On 9/14/14, Gergo Tisza gtisza@wikimedia.org wrote:
Hi,
I would like to flag a large number of wiki pages based on whether their HTML passes a certain test, so that failing pages can be easily listed and counted. The flags should adapt when pages are created or modified. (The specific use case is collecting file pages which do not have machine-readable author and license information embedded.)
I have been thinking of adding such pages to a maintenance category from a parser hook (the test logic is already part of the imageinfo/extmetadata API and would be easy to reuse), is that a good way to do this? If so, what's the best way to achieve it? Is it OK to just add categories as needed via $parser->getOutput()->addCategory() or can that mess up internal state such as the categorylinks table?
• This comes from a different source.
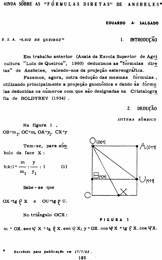 AINDA SOBRE AS " F Ó R M U L A S D I R E T A S " DE A N S H E L E S * EDUARDO A. SALGADO E. S. A. " LUIZ DE QUEIROZ" 1. INTRODUÇÃO Em trabalho anter ior (Anais da Escola Superior de Agri cultura "Luiz de Queiroz", 1960) deduzimos as "formulas dire tas" de Ansheles, valendo-nos da projeção estereografica. Fazemos, agora, outra dedução das mesmas formulas , utilizando principalmente a projeção gnomônica e dando as formu Ias deduzidas os números com que são designadas na Cris ta logra fia de BOLDYREV (1934) . 2. DEDUÇÃO SISTEMA ROMB1CO Na figura 1 , OB=m I, OC=m, OA=y1, CX=y 0 Tem-se , para sim bolo da face X : m y h:k:l = : : 1 (1) m i y i Sabe - se que OX=tgÇ>X e OU=tg Ç U. No triângulo OCX: F I G U R A 1 m = O X . s e n ^ X =tg ÇX.sen^>X; y = OX.cos l fX =tg ^ X . c o s » f X . Do triângulo AOU t i r a - s e , ide nticam ente : m 1 = tg ^ U . sen 4f U; y x = tg Ç U . cos <Sp U Levando os valores ass im obtidos em (1), vem : tg 0 X . sen <Q X tg 0 X . cos <p X h : k : 1 = - : : 1. tg £ U . sen U tg (> U . cos q> U cotg f X Multiplicando por obtem-se [ 14 | . cotg £ U y v i T e m - s e : cotg Cf X = e cotg íp U = . m De (1) t i r a - s e : y k y x k = . cotg if X = . cotg<pU [ l 5 ] m h m^ h SISTEMA HEXAGONAL Simbolo da face X (suprimindo o indice relativo ao eixo W ) : OC CX h : k : 1 = : :1 (1; OA OU No triângulo OCX obtem-se (figura 2) : Pr ime i ro caso-or ien tação segundo £ 001 ^ T e m - s e (figura 3 ) : OR = tg £ R, RC = m, RB = m ^ BU = y 1 # CX = y, OX=tg Ç X, OU * tg £ U. Símbolo de X : m y h:k:l * : —— : 1 (1) m l *1 Da figura 3 obtém-se: OC CX OX s e n ( f x sen ^90-( f X + 3 0 ) | sen 120 o c c x tg Ç x • ' (2 ) sen tf X sen ( 60 - <Ç X) sen 60 Levando em (1) os valores de OC e CX, t i rados de ( 2 ) e. ainda, OA = OU • tg Ç U, t e m - s e : tg £ X . sen <? X tg (> X . sen ( 60 - <f> X ) h : k ; 1 = : tg £ U . sen 60 tg. f U . sen 60 c o t g t f X % Multiplicando por 7 • •• chega-se a ^ 26 J cotg ^ U De (1) t i r a - s e : OC = h . tg Ç U e CX = k . tg £ U. Levando estes valores em (2) : h 2k h + 2k r - = _ • . : . c o t g f X = - = [ 2 7 ] sén ^ X \(3cos Vf X - sen vf X " p h SISTEMA MONOCLÍNICO m = OC - OR = tg £ X . serUf X - tg Ç R; m 1 = OB - OR = t g £ U. . sen <f U - tg £ R; y = tg f> X . cos <p X; y x * tg f U . . c o s í f U (2). Levando-se es tes valores em (1) chega-se a [ ^ ] OR + m tg £ R + m Tem-se , ainda: t g l ^ X = = —————— y y Substituindo aqui m e y, respectivamente, por hm^ e ky^, valores t i rados de (1), e substituindo m^, y^ pelos seus valo r e s (2), obtem-se : h tg Ç R (1 - h) t g C f X = t g t f u + [ 9 ] k k . tg £ U . cos fP U Segundo caso-orientação segundo ( 001 ) A face X, de sim bolo (hkl), determina nos eixos cristalograficos X , Y , Z , respectivamente, as intersecções a b e OA = — , OB = , OC - —: h k 1 Da figura 4, con tendo os eixos X , Y e na qual OD e normal a AB , t i r a - s e : a b OD=—sen<fX=— cos<f X (1) h k Tome-se um eixo auxiliar OZ 1 , no plano XOZ, que seja normal ao plano XY e no qual a face X determina a inter se cção OE ( figura 5 ) . Sendo se melhantes os triângulos AOE e AFC, t em-se : OE OA = ( 2 ) CF OA + OF Tem-se , ainda : c CF = . cos ( Ç -90) , OF = . s e n ( Ç -90). 1 1 Levando es tes valores de CF e OF e, ainda, de a ac . sen Ç OA = em (2), obtem-se: OE = ( 3 ) . h al - ch . cos $ Sabe-se que ? P=180-Ç . V s e n ( l 8 0 - Ç ) = = sen $ = sen f P e cos(180-Ç) = = -cos £ = cos f P . Substituindo em (3) , t em-se : ac . sen ^ P OE = (4). al + ch . cos £ P Da figura 6 obtem-se: OD = OE.cotg £ X . Substituindo aqui OE pelo seu valor (4), t e m - s e : ac . sen P P . cotg 0 X OD = — — (5). De (5) obtem-se: al + ch . cos Ç P ac . sen Ç P . cotg P X ch . OD . cos Ç P 1 = (6) a . OD a . OD Substituindo em (6) h por a s e n ^ X , valor t irado de OD (1), e multiplicando o segundo membro por OD, vem : 1 = c ^ sen £ P . cotg £ X - sen^f X . c o s £ p | . Temos, então: h = asen <p X; k = bcos X; 1 = c ^ s e n ^ P . cotg £ X - sen *f X . cos J P | . Dividindo os t r ê s indices por sen ^ P, t em-se : asen((ÍX bcos <pX f 1 h = — , k = , 1 = c i cotg Ç X-cotg f P . s e n f X V (7) sen J P sen f P l J T e r - s e - a , para a face parametra l : asenÇU bcos <P U t \ 1 = . 1 = f i = c J cotg{ U - cotgf P s e n f uV (8) sen Ç P sen f P Tirando de (8) os valores de sen £ P e c e levando- -os em (7) obtem-se, finalmente : senípX cos <f X cotg Q P . sen <P X-cotg Ç X h:k:i = : ; • [ l l ] sen<pU cos 9 U cotg £ P . sen if U-cotg f U SISTEMA TRICLl'NICO Pr imei ro caso-orientação segundo foOl ] MA^ CX Simbolo de X : h : k : l = : — h (1 ) MB DU T e m - s e (figura 7): UA1 = OA x - OM (2) Tem-se : no t r ian guio OEX, OE = tg Ç X . sen <f X ; ; no triângulo OEA^ , OE tg 0 X .sen IPX OA = - ± ; sen <0P sen *f P no triângulo OFR , OF = tg f R . sen f R OF tg Ç R . sen R e no triângulo OFM , OM = = . sen <p P sen <f P Levando os valores de OA^ e OM em (2), vem : tg P X . sen Cp X - tg P R . sen <p R MA = (3) sen *f P T e r - s e - a , identicamente : tg 0 U . sen (0 U - tg 0 R . sen R MB = 2 (4) sen If P Do triângulo OAX t i r a - s e : AX = t g £ X. sen («f P - 1$ X) e do triângulo AXAX : A X ^ X . c o s A • Y A j X . c o s A = tg Ç X . sen (<Ç P - <f X) ( 5 ) T e m - s e , no triângulo ORT: RT=tg £ R. sen (<f P - <f R) e no triângulo MRT: RT = MR. cos.£ = AjC. cos A »V A 1 C cos A = = tg ^ R . sen ( Vf P - ^ R) ( 6). T e m - s e : CX = A^X-A^C . Substituindo, nesta expressão, A..X e A t C pelos valores obtidos em (5) e (6), obtem-se : tg ç X . sen( (p P - Cf X) - tg Ç R . sen ((p P - (p R) CX = (7) COS A Obte r - se -a , de maneira idêntica : tg ç U . sen( t pP -< t fU) - tg Ç R . sen ( ip P - <p R) DU = (8) COS A Levando os valores obtidos em (3), (4), (7) e (8) na ex pressão (1) chega-se a formula [2] . Segundo caso-orientaçâo segundo (001) Na figura 8 estão representados os eixos

Alternatively, the Cite extension just parses and appends a message to the end of the text on ParserBeforeTidy when it encounters an error, and the message contains wikitext to include a category. That seems like a clever way of maintaining flexibility so it is easy to change the category name or add extra text for a call to action without any need for a code change. Is that approach safe/cheap?
thanks Gergő _______________________________________________ Wikitech-l mailing list Wikitech-l@lists.wikimedia.org https://lists.wikimedia.org/mailman/listinfo/wikitech-l
There's two ways that this is usually done, either page_props table, or tracking categories. Provided the hook you use runs before linksupdate (which is any hook in the parser), you should be fine in adding such things.
To add a page property, you would do something like $parser->getOutput()->setProperty( 'prop name', 'optionally some extra arbitrary data' );
Pages can be found via Special:PagesWithProp or direct db query.
To add a tracking category: $parser->addTrackingCategory( 'tracking cat name' );
You also have to define a message for the tracking category name and a description message, add it to $wgTrackingCategories. See the code docs for Parser::addTrackingCategory and $wgTrackingCategories.
Generally page props are used for obscure things that a user is unlikely to care about or cases where you need special cache invalidation behaviour on change (there's special support for that with $wgPagePropLinkInvalidations), where tracking categories are more properties the user is interested in. Its possible to also make the tracking category by off by default until users turn it "on" by editing a mediawiki namespace page by making the category name defualt to '-'.
In the use case you describe I think tracking category is more suited.
--bawolff